Task details.
Exactly the lines below starting at the line with "A link to Joel" and ending at the line with "I always add" are wanted, with both ends included. Leave out the pictures and add no other lines.

Available records.
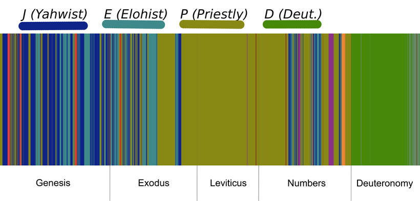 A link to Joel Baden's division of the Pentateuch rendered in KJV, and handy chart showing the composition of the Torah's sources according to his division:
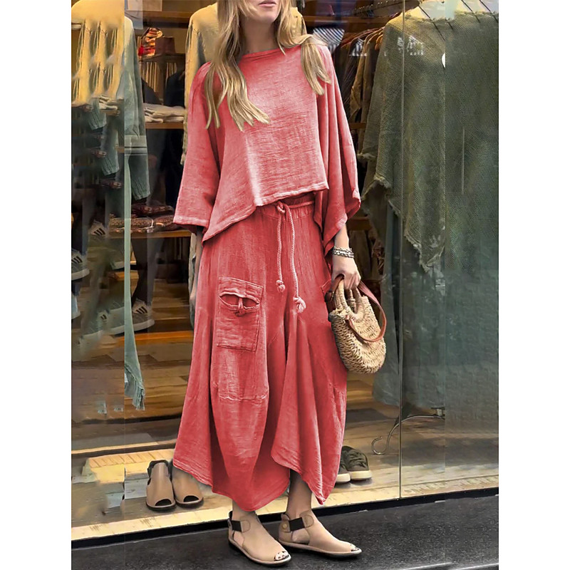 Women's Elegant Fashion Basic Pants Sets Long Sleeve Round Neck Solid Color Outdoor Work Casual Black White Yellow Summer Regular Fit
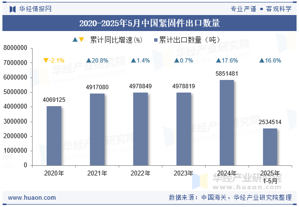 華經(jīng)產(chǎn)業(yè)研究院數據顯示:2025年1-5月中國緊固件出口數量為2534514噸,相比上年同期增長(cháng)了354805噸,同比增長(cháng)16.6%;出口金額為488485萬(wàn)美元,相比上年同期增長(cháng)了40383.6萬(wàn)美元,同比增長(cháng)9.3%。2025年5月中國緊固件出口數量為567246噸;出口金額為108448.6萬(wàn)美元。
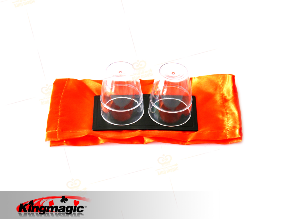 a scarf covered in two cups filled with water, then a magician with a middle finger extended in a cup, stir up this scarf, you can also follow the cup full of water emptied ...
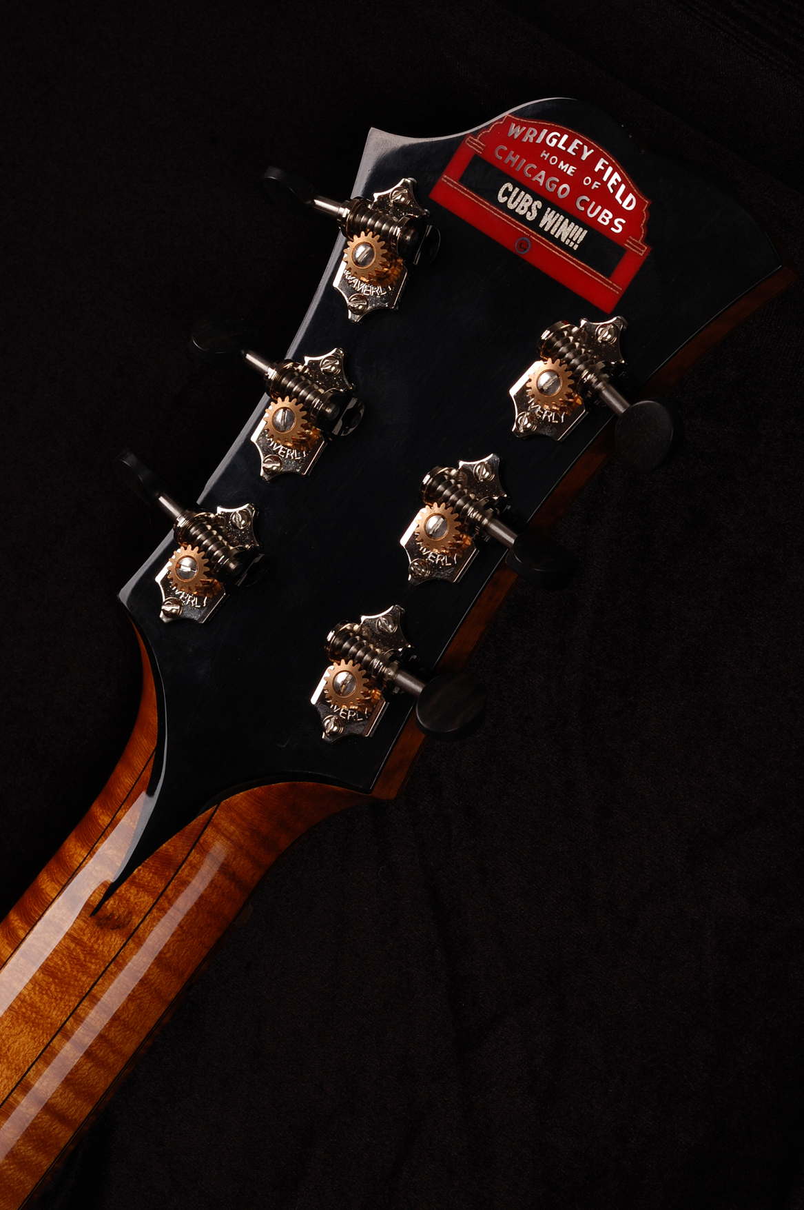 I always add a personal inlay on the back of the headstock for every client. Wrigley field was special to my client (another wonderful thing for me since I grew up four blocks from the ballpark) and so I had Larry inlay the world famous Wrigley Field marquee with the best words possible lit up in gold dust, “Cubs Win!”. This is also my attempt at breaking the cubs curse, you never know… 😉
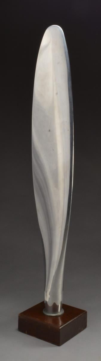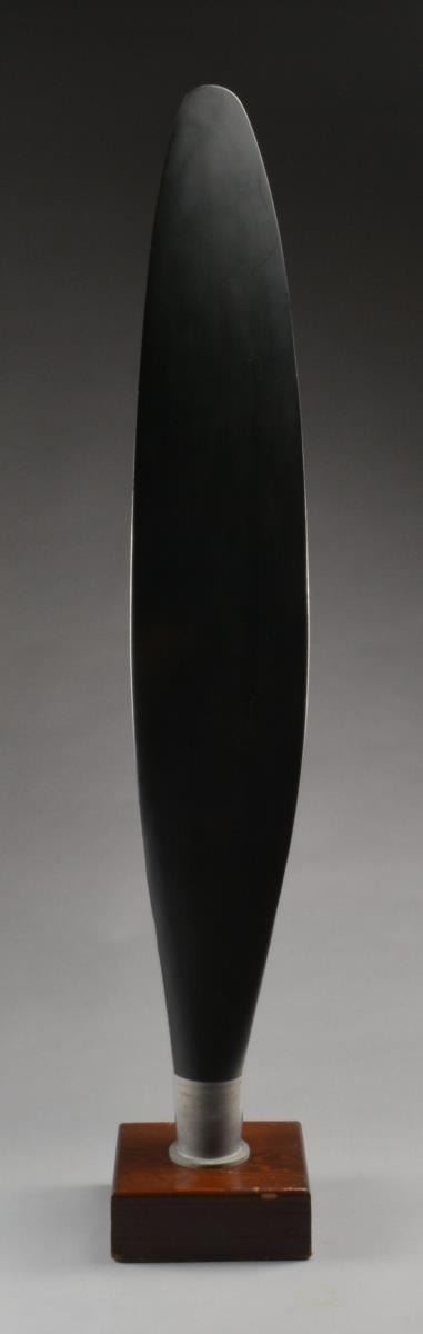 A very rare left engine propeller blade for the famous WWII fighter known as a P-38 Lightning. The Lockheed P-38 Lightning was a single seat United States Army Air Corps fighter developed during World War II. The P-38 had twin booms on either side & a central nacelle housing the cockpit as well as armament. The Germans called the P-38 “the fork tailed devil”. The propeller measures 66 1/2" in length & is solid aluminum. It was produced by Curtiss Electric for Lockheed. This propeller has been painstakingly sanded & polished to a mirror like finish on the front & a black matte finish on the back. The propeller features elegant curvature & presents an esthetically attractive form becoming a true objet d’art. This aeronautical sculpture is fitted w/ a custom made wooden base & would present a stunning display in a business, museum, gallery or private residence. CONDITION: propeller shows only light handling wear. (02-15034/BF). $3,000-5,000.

==

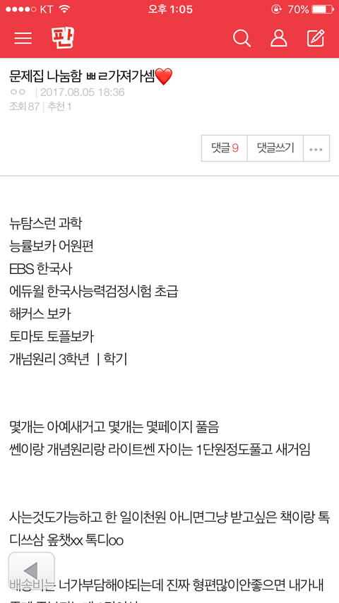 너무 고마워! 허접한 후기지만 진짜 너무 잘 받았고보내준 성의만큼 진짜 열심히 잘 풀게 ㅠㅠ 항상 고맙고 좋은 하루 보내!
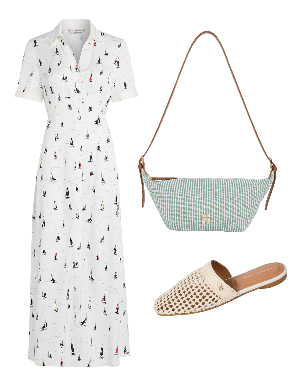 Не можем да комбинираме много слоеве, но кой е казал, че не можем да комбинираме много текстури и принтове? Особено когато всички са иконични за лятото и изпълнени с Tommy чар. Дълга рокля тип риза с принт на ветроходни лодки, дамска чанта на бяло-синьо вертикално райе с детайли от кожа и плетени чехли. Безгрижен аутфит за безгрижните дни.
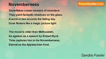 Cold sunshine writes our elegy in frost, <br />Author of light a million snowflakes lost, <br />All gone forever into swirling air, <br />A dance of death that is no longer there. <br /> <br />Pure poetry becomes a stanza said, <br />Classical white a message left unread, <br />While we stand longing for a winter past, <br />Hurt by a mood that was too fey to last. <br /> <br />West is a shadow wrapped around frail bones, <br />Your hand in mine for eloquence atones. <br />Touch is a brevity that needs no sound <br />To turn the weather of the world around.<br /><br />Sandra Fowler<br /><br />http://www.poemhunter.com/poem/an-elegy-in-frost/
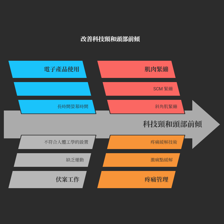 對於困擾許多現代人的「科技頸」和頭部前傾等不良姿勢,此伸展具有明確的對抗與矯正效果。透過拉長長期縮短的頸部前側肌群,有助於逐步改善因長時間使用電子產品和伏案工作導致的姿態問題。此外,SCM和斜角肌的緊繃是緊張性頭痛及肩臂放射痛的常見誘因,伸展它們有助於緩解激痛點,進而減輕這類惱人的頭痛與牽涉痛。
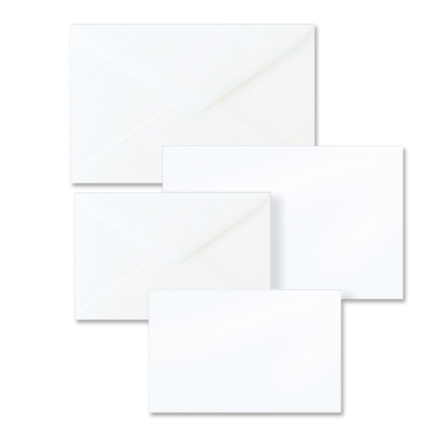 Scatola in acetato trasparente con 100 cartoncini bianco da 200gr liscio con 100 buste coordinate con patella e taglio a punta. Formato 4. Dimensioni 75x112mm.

Output of the exercise.
 A link to Joel Baden's division of the Pentateuch rendered in KJV, and handy chart showing the composition of the Torah's sources according to his division:
 Women's Elegant Fashion Basic Pants Sets Long Sleeve Round Neck Solid Color Outdoor Work Casual Black White Yellow Summer Regular Fit
 華經(jīng)產(chǎn)業(yè)研究院數據顯示:2025年1-5月中國緊固件出口數量為2534514噸,相比上年同期增長(cháng)了354805噸,同比增長(cháng)16.6%;出口金額為488485萬(wàn)美元,相比上年同期增長(cháng)了40383.6萬(wàn)美元,同比增長(cháng)9.3%。2025年5月中國緊固件出口數量為567246噸;出口金額為108448.6萬(wàn)美元。
 a scarf covered in two cups filled with water, then a magician with a middle finger extended in a cup, stir up this scarf, you can also follow the cup full of water emptied ...
 I always add a personal inlay on the back of the headstock for every client. Wrigley field was special to my client (another wonderful thing for me since I grew up four blocks from the ballpark) and so I had Larry inlay the world famous Wrigley Field marquee with the best words possible lit up in gold dust, “Cubs Win!”. This is also my attempt at breaking the cubs curse, you never know… 😉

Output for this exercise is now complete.